Moon made the remarks ahead of a weekly meeting of senior secretaries at the Blue House. He skipped the harsh rhetoric toward Japan this time, a change from almost daily messages condemning the neighboring country and its leaders throughout last week. Instead, he appealed to the public to counter Japan in cooperation with the government.
Noting the rapid increase in the number of new start-ups and continued investments in them despite the lowered economic growth rate projections, Moon vowed to push forward with administration policies concerning new technology firms.
“When the national economy is threatened by the technology hegemony that violates the free trade order, innovative new technologies can be an important resolution,” Moon said, criticizing Japan without mentioning it by name. He then said the government will stimulate innovation in the component and material industries in particular.
Moon urged the public to increase domestic consumption and take vacations at home in order to make up for the expected decline in growth due to slow exports.
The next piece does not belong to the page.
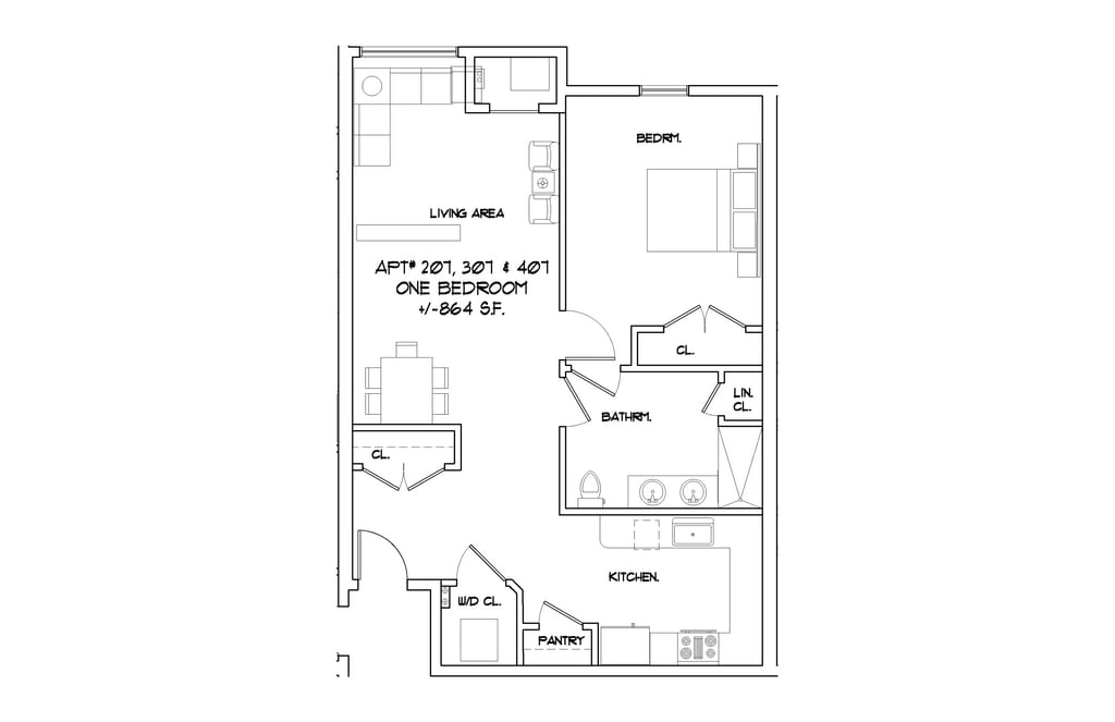 1 Dormitorio, 1 Baño, 864 pies²Disponible AhoraGalería del Modelo

The appeal was made amid the Korean public’s snowballing boycott of Japanese products and tourist destinations in Japan.
While Moon has paused in his direct condemnations of Japan, the Blue House still warned Monday that Japanese Prime Minister Shinzo Abe must be cautious when he addresses the escalating diplomatic row between the two countries.
“He must stay in line,” Ko Min-jung, presidential spokeswoman, said Monday morning. “And he must make the best efforts for future cooperation of the two countries.”
Ko was reacting to the Japanese leader’s demand for a “proper” response from Korea in order for talks to be held on the escalating crisis. “I want to ask him if he thinks the Korean government had not responded properly until now,” Ko said. “We have always responded.”
Abe told the Asahi TV on Sunday evening that a “constructive discussion is only possible when Korea presents a proper response.” He also argued that Korea is violating the 1965 bilateral claims settlement agreement, adding that Korean forced labor victim demands for Japanese reparations are against the accord.
“We have repeatedly informed them of our position that a two-track approach must be used for Korea-Japan relations to separate the future from the past,” Ko said. “And our stance remains unchanged. We made diplomatic efforts in the past. We are still doing so now, and will do so in the future.” Ko pointed out that Abe has been flip-flopping on the justification for Tokyo’s export restrictions. “He said it was a security issue, and later changed to say it was a historical issue,” Ko said. “Then, he said it was a security issue, and today, he is saying it is a historical issue.”
The ruling Democratic Party (DP) also used strong words to criticize Japan and prepare the public for the upcoming crisis.
Following Abe’s election victory, Japan will intensify “its attempts to invade the Korean economy,” DP Chairman Lee Hae-chan said Monday.
He said Japan is expected to exclude Korea at end of July or early August from the “white list” of countries qualified for strategic exports with minimal restrictions.
Rep. Choi Jae-sung, an ally of Moon who is heading the DP’s special committee to counter Japan’s economic retaliation, said Korea will respond in a “horizontal” manner if Japan takes Korea off the white list.
He, however, refused to elaborate what they are, although he said Korea won’t impose the same kinds of export restrictions.
“We have no intention to counter Japan with the same unfair measures that are unacceptable in the international community,” he said.
Later in the afternoon, the Foreign Affairs and Unification Committee of the National Assembly adopted a resolution urging Japan immediately rescind its retaliatory trade restrictions.
The lawmakers of the ruling and opposition parties unilaterally supported the resolution, which urged both Korea and Japan to initiate efforts to find a diplomatic resolution.